首が落ちたとされる伝承地は全国に複数あり、将門の首塚とされる場所や、将門の首を密かに持ち去って祀ったとする神社も数多くある。

現在の神田という地名も、将門の「躯=体(からだ)」が訛って「神田」となったという説も残っている。


右:将門首塚 平将門故蹟考 左:現在の将門塚


歴代の将門塚所在


日本三大怨霊


平将門は、崇徳天皇(すとくてんのう)、菅原道真(すがわらのみちざね)と共に、「日本三大怨霊」と呼ばれ、「将門塚」は古くから江戸における霊地とされてきた。今も、「将門塚」と「神田明神」は、将門を祀る東京の二大霊場で、心霊スポットとして有名だ。だからこそ、ここで不敬な行為を行えば将門の祟りがあるという怨霊伝承が生まれ、現代も都市伝説として語り継がれている。

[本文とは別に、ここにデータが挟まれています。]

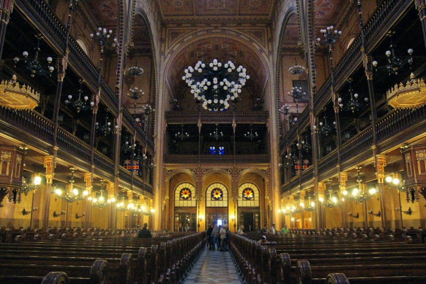 位於布達佩斯市中心的世界第二大猶太教堂必須在不對稱地段建造,以便將方舟放置在東方。在某種程度上,如果我們從Muzeum korut(國家博物館那裡)到達第7區,它就會隱藏在我們的眼前然而,即使面對一個小廣場而不是林蔭大道,其設計師的才華也體現在建築的令人印象深刻。 Frigyes Feszl和LudwigFďż˝rster使用受穆斯林建築影響的東方拜占庭風格(摩爾人風格)在大都市中心創作了他們的傑作。猶太教堂的奉獻是1859年9月6日的一件大事。它可以容納3000名坐著的人和大約2000名常住人。這裡舉行了重大活動,如1896年5月匈牙利征服1000週年紀念活動,19世紀匈牙利重要人物的紀念活動,禮拜儀式,風琴或Klezmer音樂會等。到今天,Dohany猶太教堂仍然是匈牙利Neolog猶太人最重要的宗教中心。

関東大震災後の1923年、首塚があった跡地に、首塚を潰して、大蔵省の仮庁舎を建築した際、そのときの工事関係者や省職員、さらには当時の大蔵大臣・早速整爾(はやみせいじ)氏ら数名(一説に14名)が急死するという、不可解な出来事が起こった。このため、大蔵省内で平将門の祟りの噂が広まり、結局、仮庁舎は取り壊わされた。

1945年には、GHQ(連合国軍総司令部)が周辺の区画整理を行い、将門塚一帯を駐車場にする工事を行うと、工事中のブルドーザーが転倒して運転手が死亡するなど、不審な事故が相次いだため計画が取り止めになった。

こうした事象からか、将門塚周辺のオフィスでは将門塚に背を向けないようにデスクが配置されているそうである。

また逆に守護神としては、周辺の企業では海外出張や転勤の際、カエルの像を奉納して祈願すると無事に帰れる、などとして祈願参拝されている。

2020年の東京五輪(オリンピック)に向けた大手町再開発の際もそのまま残されている。